Write a vector equation and scalar equation of the plane containing lines
[x,y,z]= [-2,3,12]+s[-2,1,5]
[x,y,z]= [1,-4,4]+t[-6,3,15]
Did you notice that our two lines have the same direction?
(the second vector is a multiple of the first)
So we need a second direction vector, we can obtain that by using the two given points (-2,3,12) and (1,-4,4)
that direction vector is [3,-7,-8]
so a vector equation is
[x,y,z] = (-2,3,12) + s[-2,1,5] + t[3,-7,-8]
for the scalar equation we will take the cross-product of our two direction vectors to get a normal, which is
[27,-1,11]
http://www.analyzemath.com/vector_calculators/vector_cross_product.html
so our equation is
27x - y + 11z = c
plug in (1,-4,4) to get c
27 + 4 +44 = c = 75
So the scalar equation is
27x – y + 11z = 75
To find the vector equation and scalar equation of the plane containing the given lines, we first need to find the vector that is perpendicular to both lines. This can be done by finding the cross product of the direction vectors of the lines.
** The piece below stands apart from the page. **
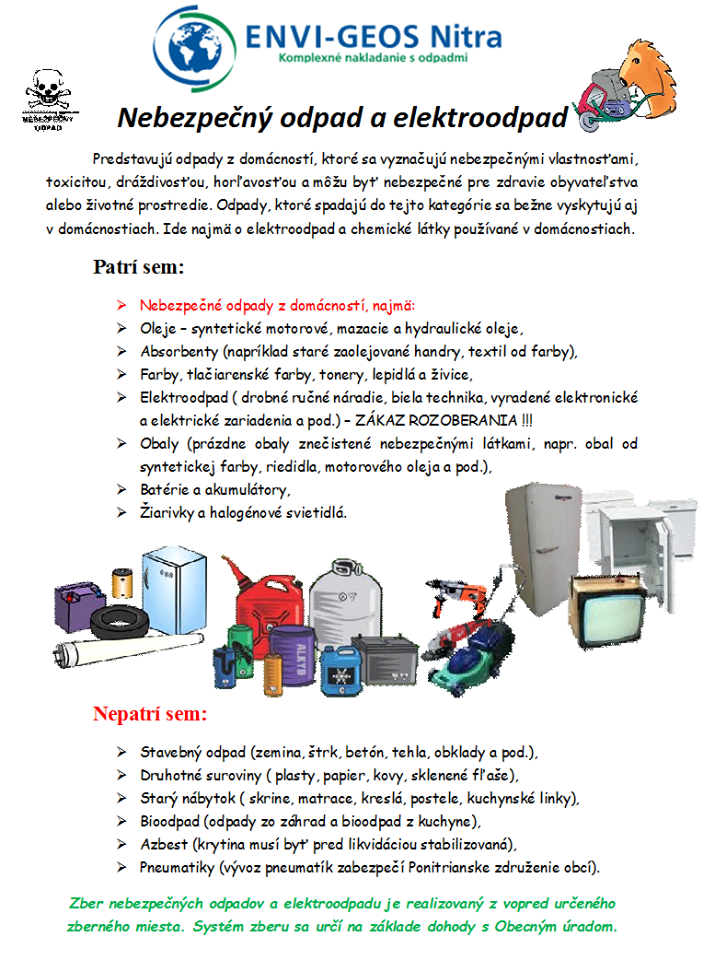SK: V sobotu, 10. novembra 2018 sa uskutoční zber nebezpečného odpadu a elektroodpadu. Čas zotrvania posádky na zbernom mieste v Pohraniciach je od 7:00 - 8:30 pred zdravotným strediskom. Bližšie info o tom, čo patrí do tohto zberu viď. nižšie.

The direction vector of the first line is [-2, 1, 5], and the direction vector of the second line is [-6, 3, 15]. To find a vector that is perpendicular to both, we take the cross product:
n = [-2, 1, 5] x [-6, 3, 15]
n = (1*-15 - 5*3)i - (-2*15 - 5*-6)j + (-2*3 - 1*-6)k
n = -15i - 18j + 0k
n = -15i - 18j
The vector n is the normal vector to the plane. Now, we can find a point on the plane by taking any point that lies on one of the lines. Let's choose the point [-2, 3, 12] from the first line.
Now we can write the vector equation of the plane:
[r - [-2, 3, 12]] * [-15, -18] = 0
Simplifying this equation, we have:
[-15(r1 + 2) - 18(r2 - 3)] = 0
This is the vector equation of the plane containing the given lines.
To find the scalar equation of the plane, we can rewrite the vector equation by expanding the scalar product:
-15r1 - 30 - 18r2 + 54 = 0
Combining like terms, we have:
-15r1 - 18r2 + 24 = 0
This is the scalar equation of the plane containing the given lines.